Directions: Below are some records. Retype exactly the lines from the one containing "Anschlussstation für Flächenheizung" through the one containing "JC13780. Close up", both included, skipping every picture.

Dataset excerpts
::::::
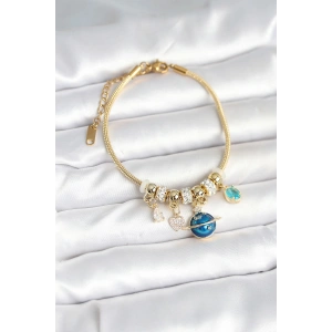 Pirinç Gold Renk Dünya Charmlı Kadın Bileklik
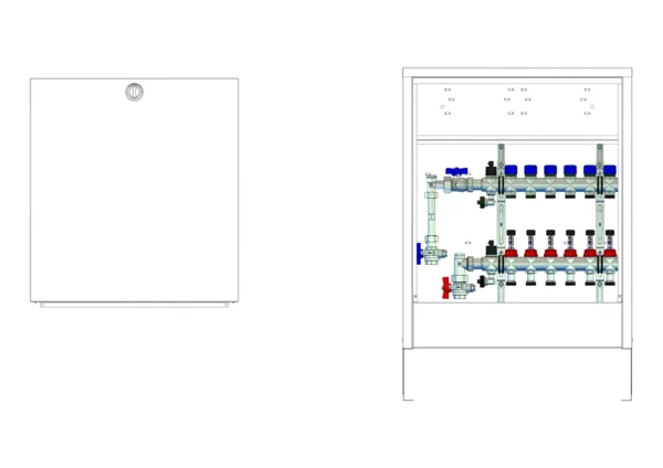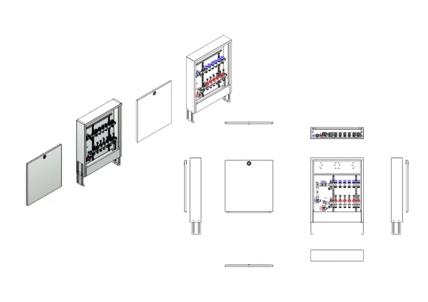 Anschlussstation für Flächenheizung und -kühlung, im Aufputzschrank montierter Edelstahlverteiler mit regulierbaren Durchflussanzeigern und Ventileinsätzen (M30x1,5), vertikale Anschlussgarnitur mit Wärmezählerverrohrung, Platzhaltung für Klemmleiste und Stellantriebe.
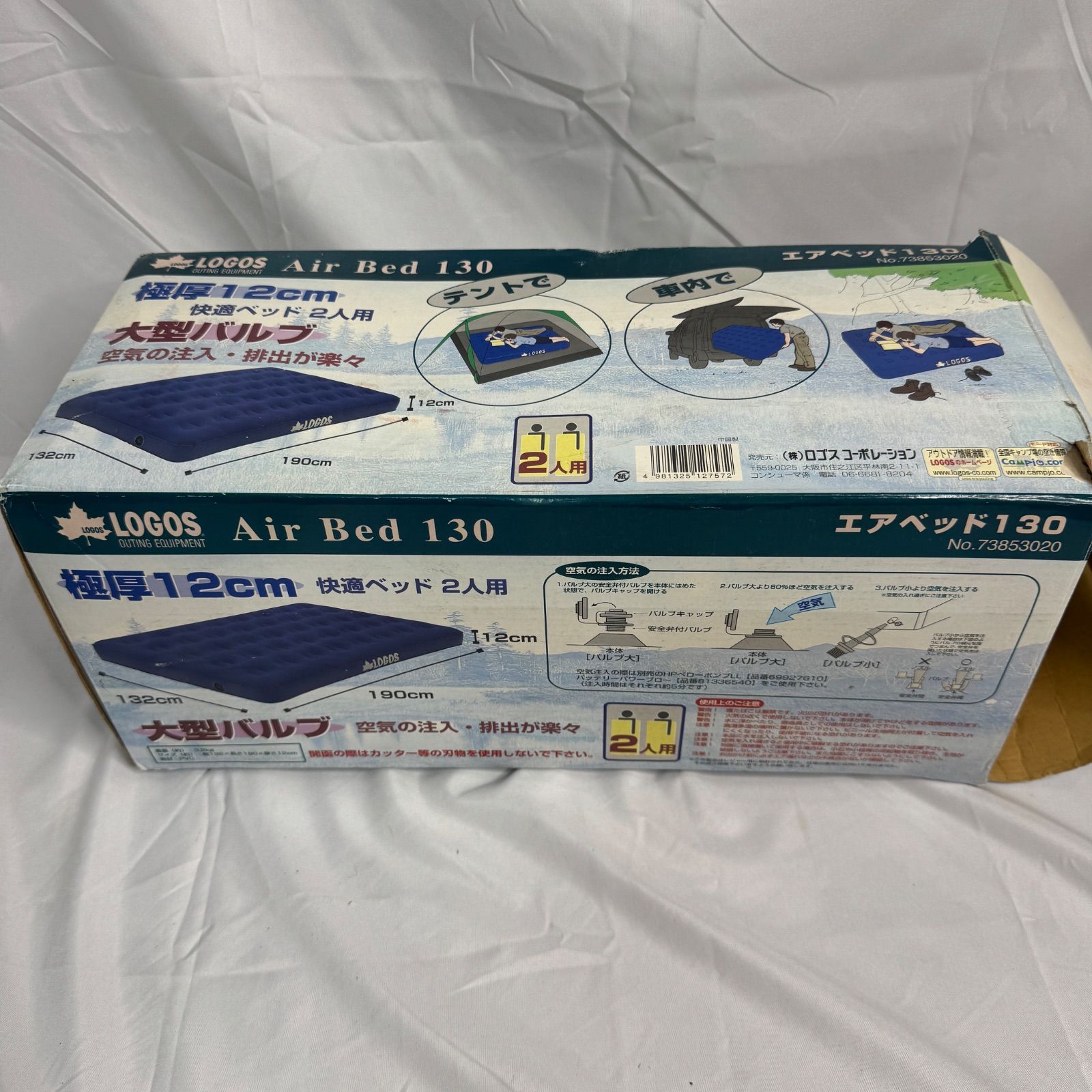 【訳あり】 LOGOS ロゴス Air Bed 130 エアベッド 73853020 極厚12cm 2人用 キャンプ アウトドア テント 車中泊 レジャー 防災 大型バルブ 130×190cm エアーマット エアーベッド 長期保管品 ベタつきあり
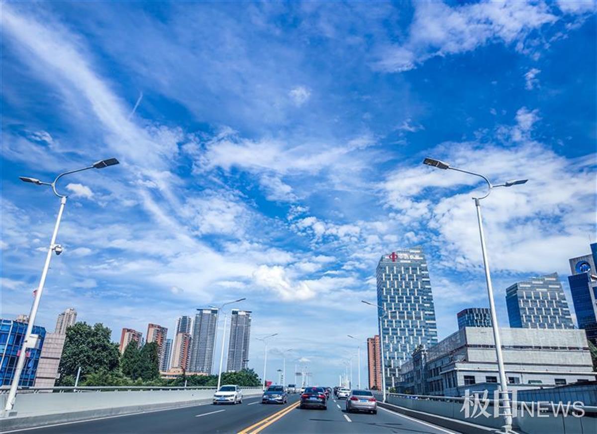 6月14日,武汉天空“颜值”飙升,朵朵白云衬托着的晴朗的天空,武汉的天空再现湛蓝的色彩,许多市民和来汉的游客用惊艳的武汉蓝天白云刷爆朋友圈,当天的“武汉蓝”让人们陶醉。
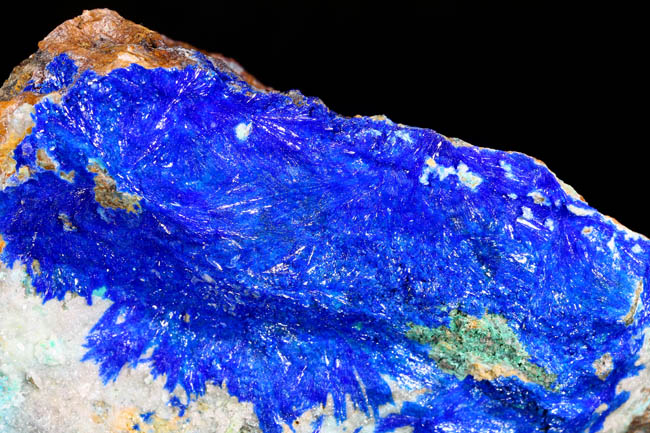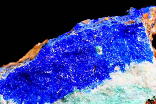 JC13780. Close up of the far right, showing the altered brochantite and colorless micro crystals (anglesite?). |
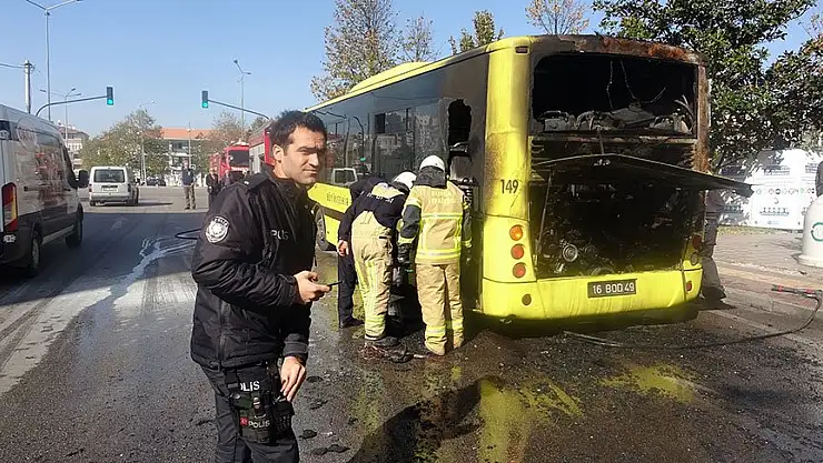 BURSA Büyükşehir Belediyesi'ne ait yolcu otobüsü, hareket halindeyken bilinmeyen bir nedenden dolayı yandı.
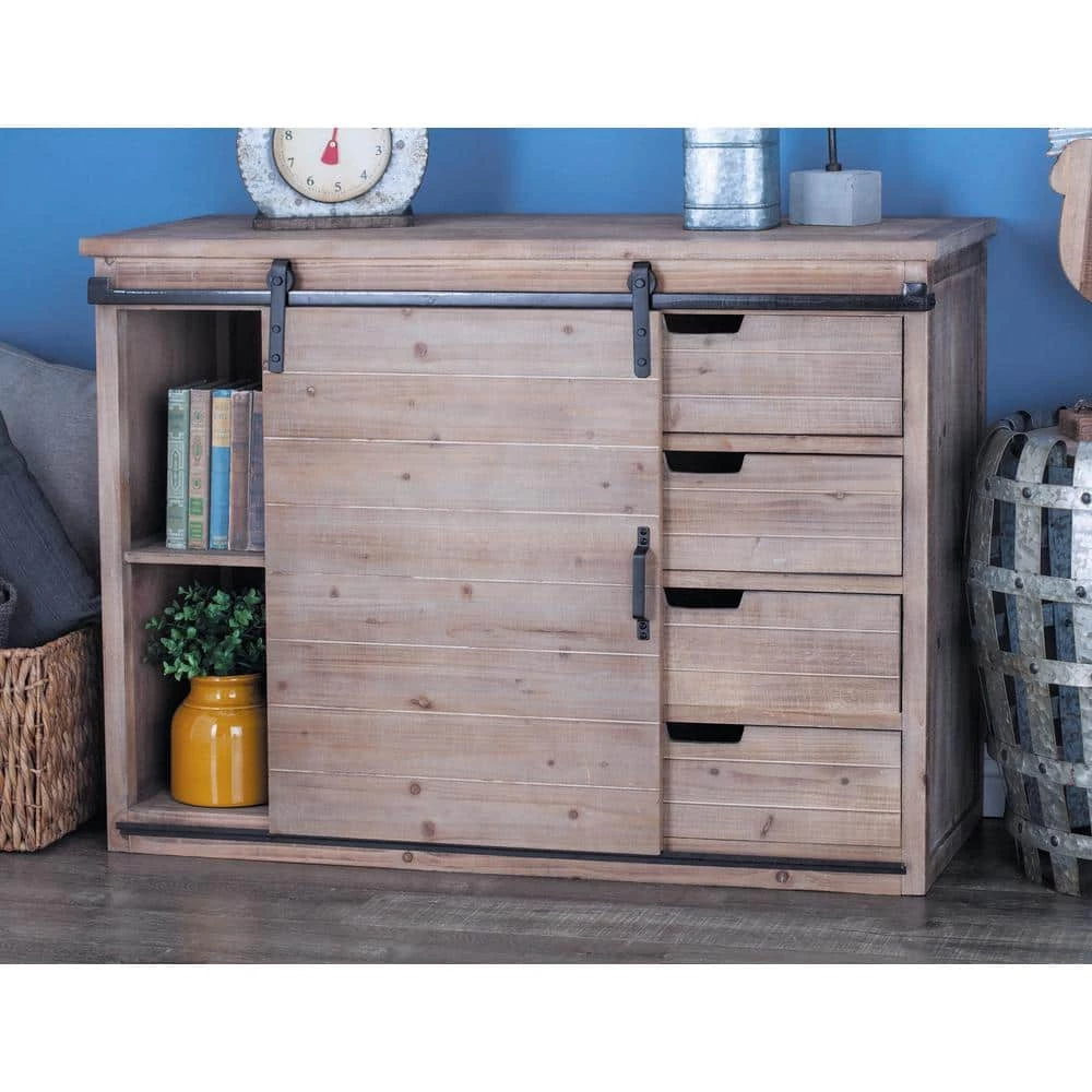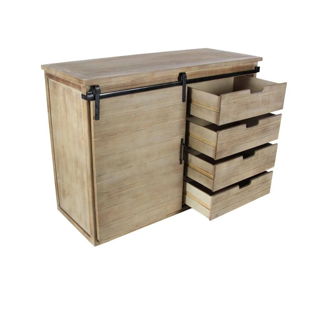 A practical yet stylish upgrade that instantly elevate the look of your room. Maintain a clutter free zone and stay organize with this chic cabinet. Create an rustic display with this storage unit and decorate it with large organic vases on top of books under an oversized wall mirror. Comes with cabinet interior measuring 21″L x 16″W x 13″H . This item ships in 1 carton. 4 drawers measure 18″L x 14″W x 5″H. A horizontal track that cabinet door slides on large black iron handle on cabinet door. Suitable for indoor use only. Maximum weight limit is 100 lbs. Features 2 cabinet shelves with 43″ and 50″ thickness. Rustic design.
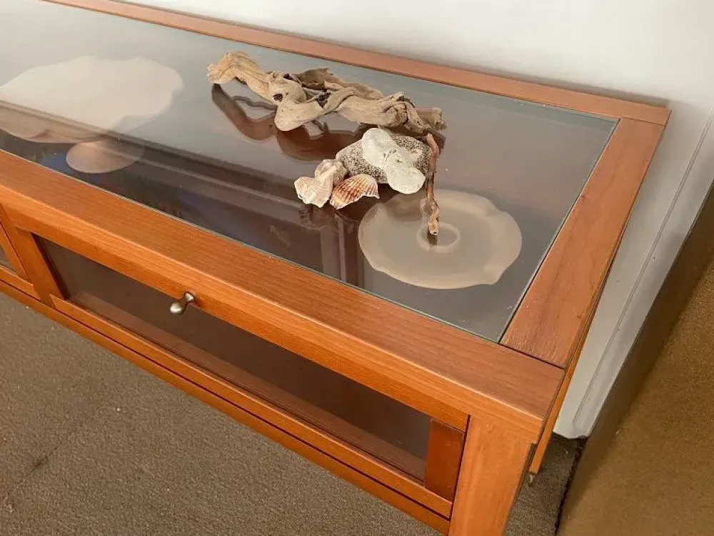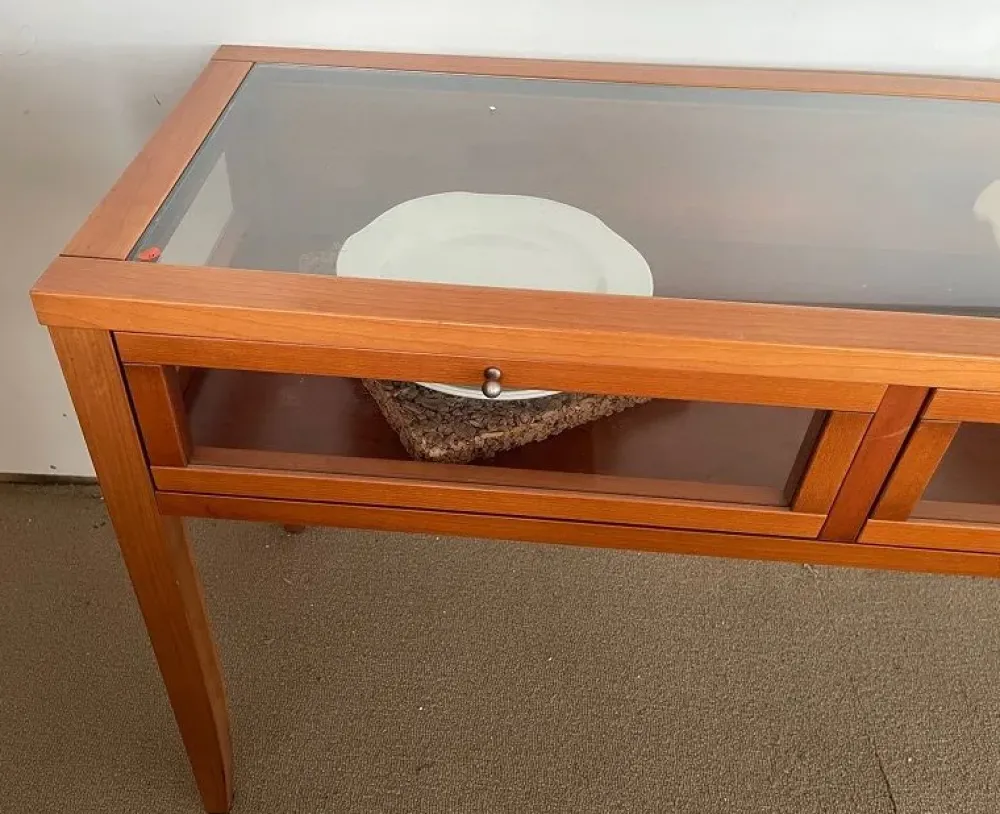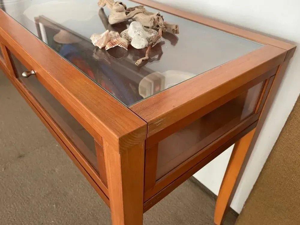 MOBILE IN CILIEGIO HALIFAX CON PIANO SUPERIORE IN VETRO TRASPARENTE E ANTE IN VETRO TRASPARENTE CON POMELLI IN ACCIAIO.
::::::
Response to this task:
 Anschlussstation für Flächenheizung und -kühlung, im Aufputzschrank montierter Edelstahlverteiler mit regulierbaren Durchflussanzeigern und Ventileinsätzen (M30x1,5), vertikale Anschlussgarnitur mit Wärmezählerverrohrung, Platzhaltung für Klemmleiste und Stellantriebe.
 【訳あり】 LOGOS ロゴス Air Bed 130 エアベッド 73853020 極厚12cm 2人用 キャンプ アウトドア テント 車中泊 レジャー 防災 大型バルブ 130×190cm エアーマット エアーベッド 長期保管品 ベタつきあり
 6月14日,武汉天空“颜值”飙升,朵朵白云衬托着的晴朗的天空,武汉的天空再现湛蓝的色彩,许多市民和来汉的游客用惊艳的武汉蓝天白云刷爆朋友圈,当天的“武汉蓝”让人们陶醉。
 JC13780. Close up of the far right, showing the altered brochantite and colorless micro crystals (anglesite?). |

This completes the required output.